It's also had to cut its engineering workforce at Fishermans Bend and has just announced 1400 redundancies after cancelling the third shift at its assembly plant in Adelaide.
It is almost certain to lose its overseas business for the Pontiac GTO, has been forced to cut-price compact cars from South Korea, and has yet to get anything but the VE Commodore sedan approved for sales beyond 2006.

Even the once-unbeatable Holden Racing Team has taken a kicking.

It looks bleak, and some people even joked a fortnight ago that the fire at its engine factory in Melbourne was a self-inflicted wound.

The man who has the blowtorch on his belly is Denny Mooney, the American executive who sits in the big office at GM Holden's shiny new headquarters.






He followed the charismatic Peter Hanenberger into the top job at Holden after the turbocharged German engineer drove the company through its biggest growth period in recent history.

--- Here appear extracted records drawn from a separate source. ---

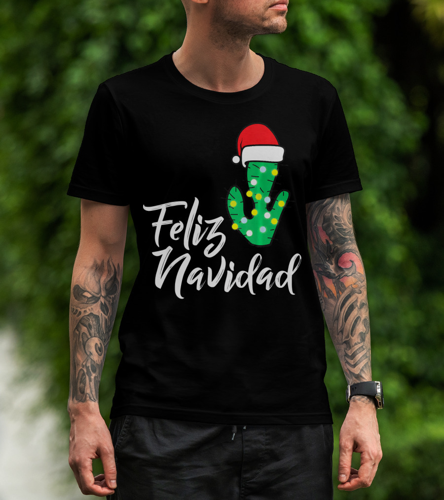 Feliz Navidad Cactus With Santa Hat And Christmas Lights T-Shirt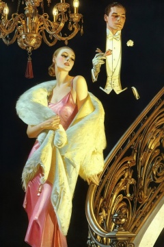 A sophisticated woman, dressed in a light pink slip dress and draped in a voluminous cream fur stole, stands on an ornate golden staircase, casting her gaze slightly upward and to the left. Behind her, a formally dressed man's head, white shirt, bow tie, and gloved hand are partially visible, with him looking forward. He holds a small, light-colored object between his fingers. A grand, multi-tiered golden chandelier with a dark red tassel hangs prominently in the upper left, complementing the elaborate golden railing of the staircase in the lower right. The scene is set against a deep, dark background.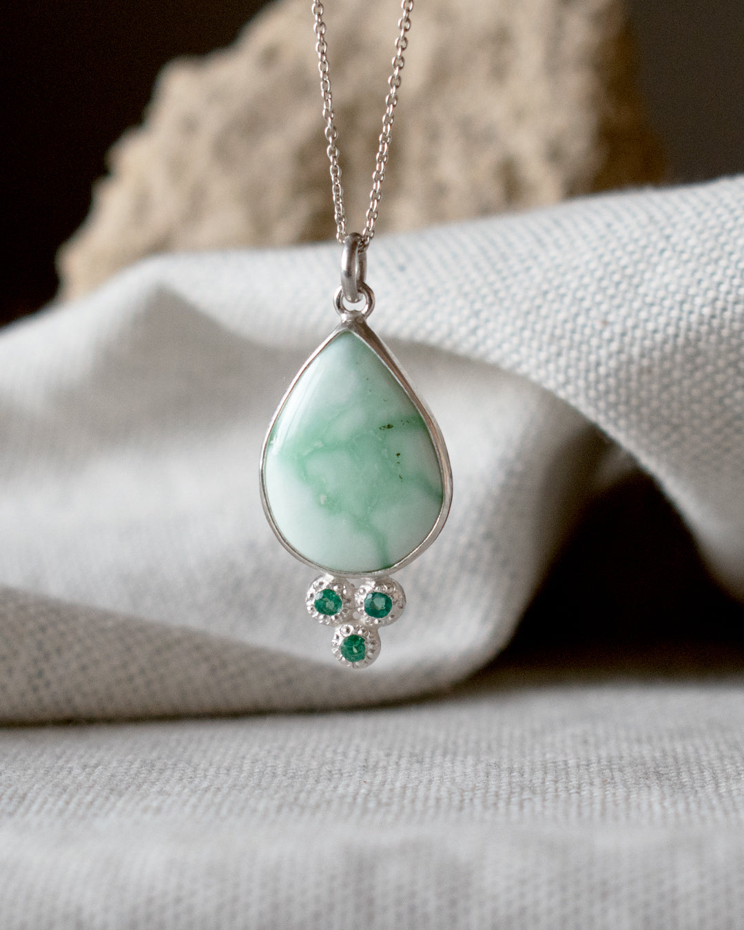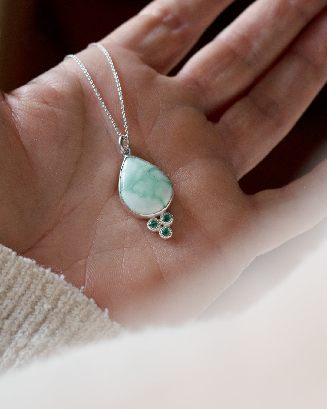 Collar de plata 925, con una turquesa de arizona natural de 20 x 15,5 mm, acompañada de 3 esmeraldas de 2mm.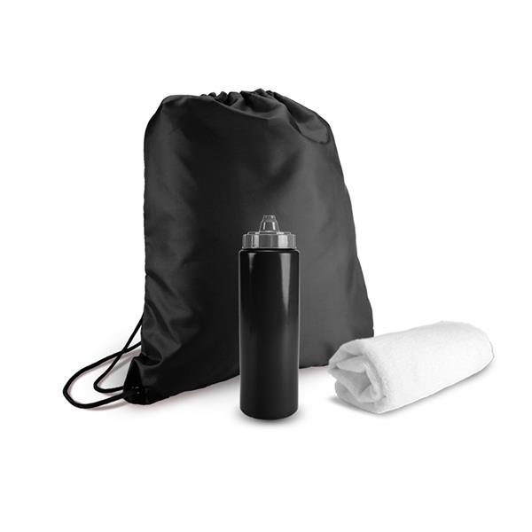 Kit esportivo 3 peças com mochila saco de nylon, squeeze plástico 950ml com tampa rosqueável e tolha inteiramente branca confeccionada em poliéster e poliamida. Altura : 41,5 cm Largura : 33,5 cm Medidas aproximadas para gravação (CxL): Mochila 38 cm x 32 cm – Squeeze 19 cm x 5 cm Tamanho total aproximado (CxL): Squeeze 25,4 cm x 7,8 cm x 24,3 cm x Toalha 79 cm x 39 cm Peso aproximado (g): 203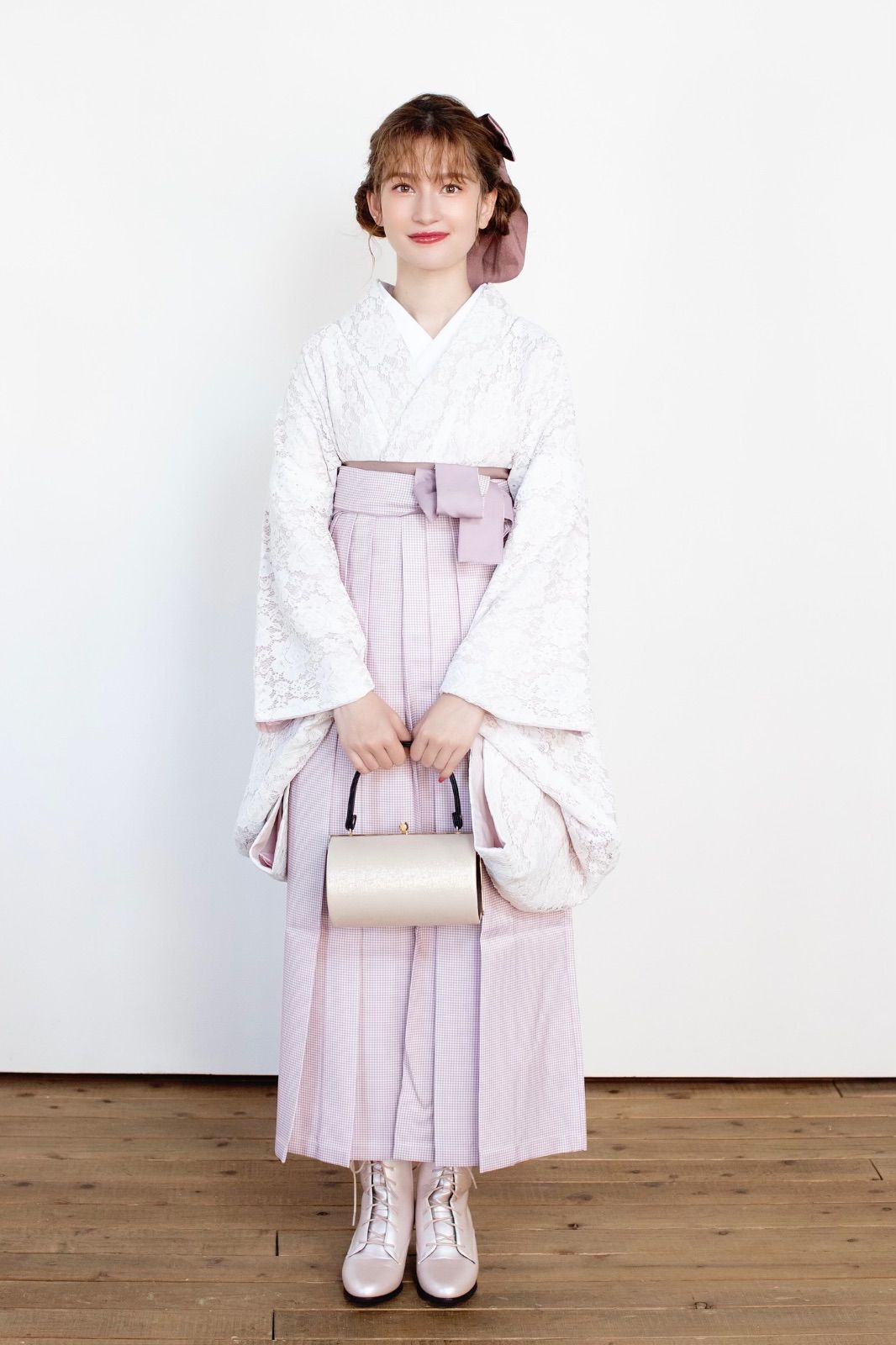 着物ジェンヌ 卒業式 袴3点セット レース二尺袖 白×くすみピンク チェック柄袴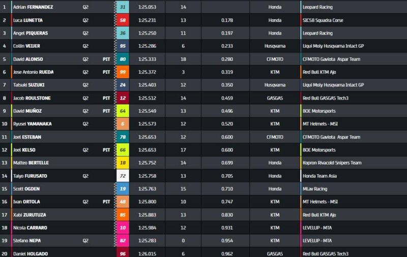 Finalement, Adrian Fernandez termine en tête exactement comme lors de la FP. Il est suivi par Luca Lunetta et Angel Piqueras, soit un top 3 100% Honda ! Collin Veijer est quatrième, David Alonso cinquième et Daniel Holgado, 20e !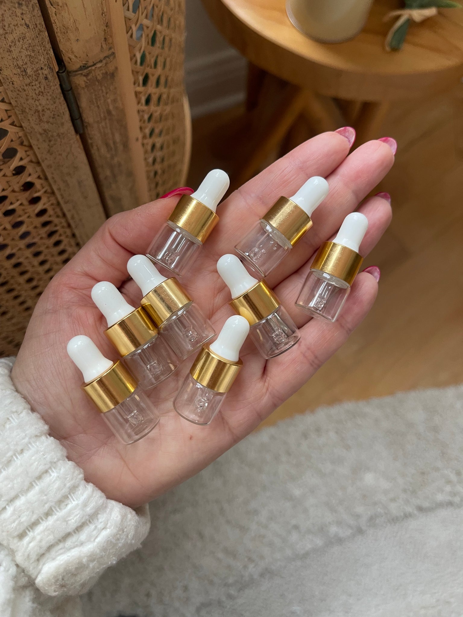 Perfect for travel or giving out samples! These 1 ml glass serum dropper bottles can hold 40 drops of essential oil. *This is an empty serum bottle.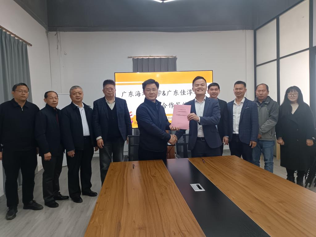 郑殿峰书记、马驿院长、王继全副书记等一行七人前往遂溪县洋青镇广东佳淳科技有限公司进行产学研合作基地签约和授牌仪式。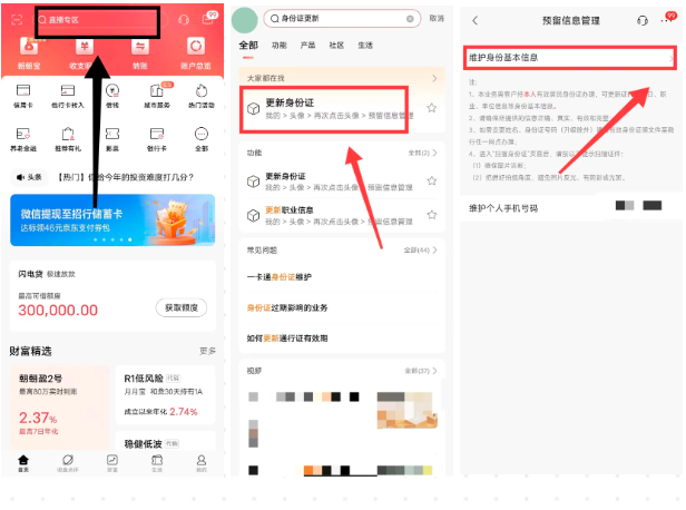 3、银行卡更换证件路径:前往附近银行,或前往银行APP联系客服,等待客服回复身份证更新方式。(以招商银行APP身份证信息更新方式为例)

Everything looked good when Hanenberger retired, but now Mooney is steering a troubled ship and plugging leaks.

But the 59-year-old engineer refuses to get bogged down or deflated, even when faced with tough questions this week.

How are things at Holden?

Things are pretty difficult right now.

Anytime you make an announcement like we made on the third shift is difficult for everybody. Not just the people at the plant and their families. Everyone wonders what's going on in the business and the future of the business.

It's not unlike what's going on in the auto business worldwide. I tell people that if they don't like cars and you don't like competition, they might not want to be in the auto business.

Is it a crisis?

No, no, it's not a crisis.

It's something we need to do. I call it "right sizing" the business.

The reality is that a two-shift operation in Adelaide is much more appropriate for our demand. I would much rather be capacity constrained than build too many cars.

Our product development operation is strong and has lots of work into the future. We are working on lots of new concepts in vehicles, so we still have a lot of work on our platter.

Even though times are tight, we're still making money.